La gestion est supervisée par l’Etat, mais plus indépendante que celle du duché de Lancaster. Charles est particulièrement impliqué dans cette gestion. Au point de susciter des critiques pour son lobbying auprès du parlement et du gouvernement, pour préserver l’intérêt de son duché.  Seul autre duché royal avec celui de Lancaster, le duché de Cornouailles a la particularité d’échapper à l’impôt sur les entreprises, même depuis la reforme de 1993. Pour éviter les critiques, le prince Charles a décidé de payer de lui-même l’équivalent du taux d’imposition le plus fort au Trésor public. En tout logique, Charles paie à titre personnel des impôts sur les revenus du patrimoine.
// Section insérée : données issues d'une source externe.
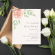 Um fundo creme, colorido bege, decorado com ouro rosa e rosa-rosa-rosa, flor e verde. Personalize e adicione seus nomes. 1 folha = 1 convite impresso de borda a borda.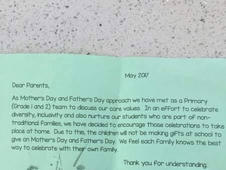 “In an effort to celebrate diversity, inclusivity, and also to nurture our students who are part of non-traditional families, we have decided to encourage those celebrations to take place at home. Due to this, the children will not be making gifts at school to make on Mother’s and Father’s day. We feel each family knows the best way to celebrate with their own family.”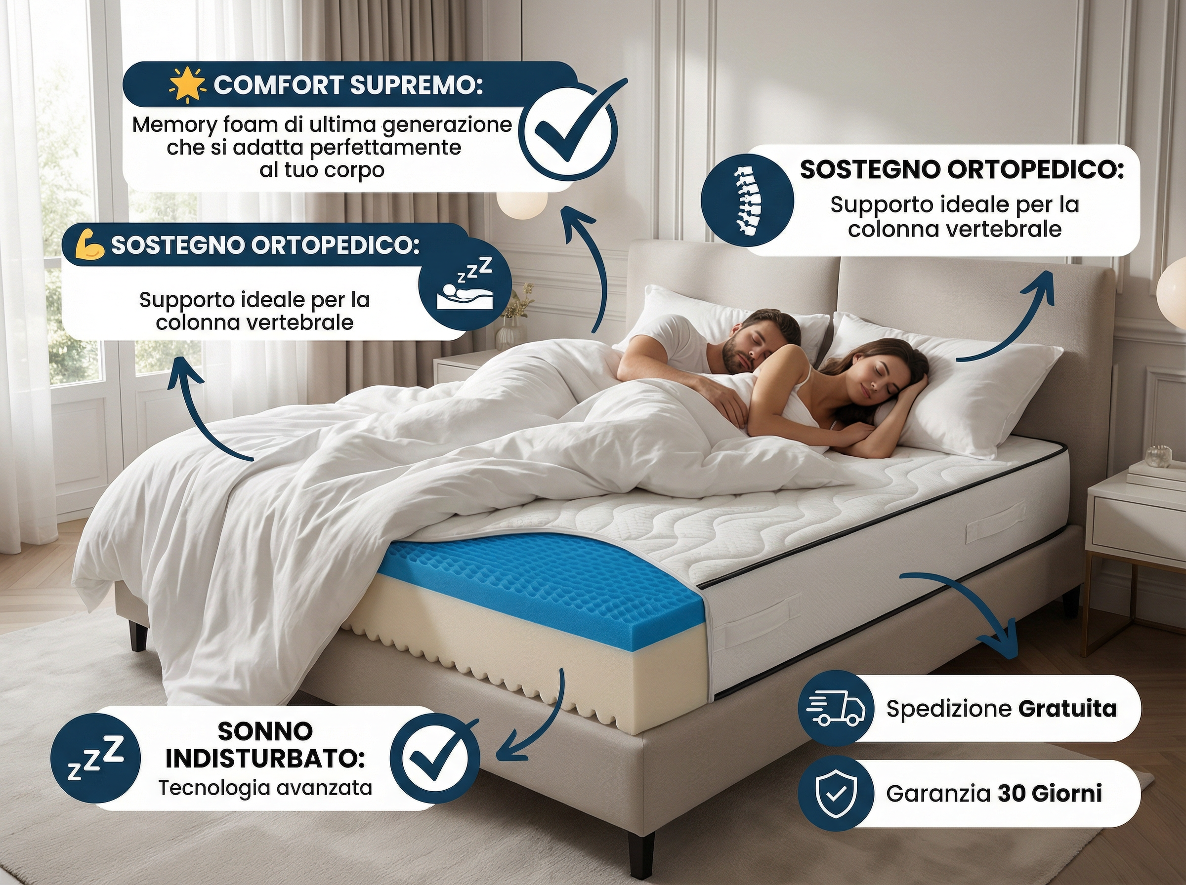 STEP 2 – PROVA 30 GIORNI: Sostituisci il vecchio materasso e inizia subito a dormire meglio. Garanzia totale soddisfatti o rimborsati.

Combien gagnent Kate et William ?

Kate n’a pas de revenu. Ses frais pour ses missions officielles sont payés par le «Sovereign Grant» si elle représente la couronne, ou par le prince Charles s’il s’agit de ses œuvres de charité. Sa vie privée avec William est en partie financée par le prince Charles, ainsi que par la fortune personnelle de son époux. Celui-ci a de l’argent. Plus que son salaire annuel de 37 000 livres sterling (46 000 euros) du temps où il était pilote dans la Royal Air Force, c’est l’héritage de sa mère qui est capital. A sa mort en 1997, Diana a laissé 6,5 millions de livres sterling à chacun de ses fils, à toucher à leur trentième anniversaire.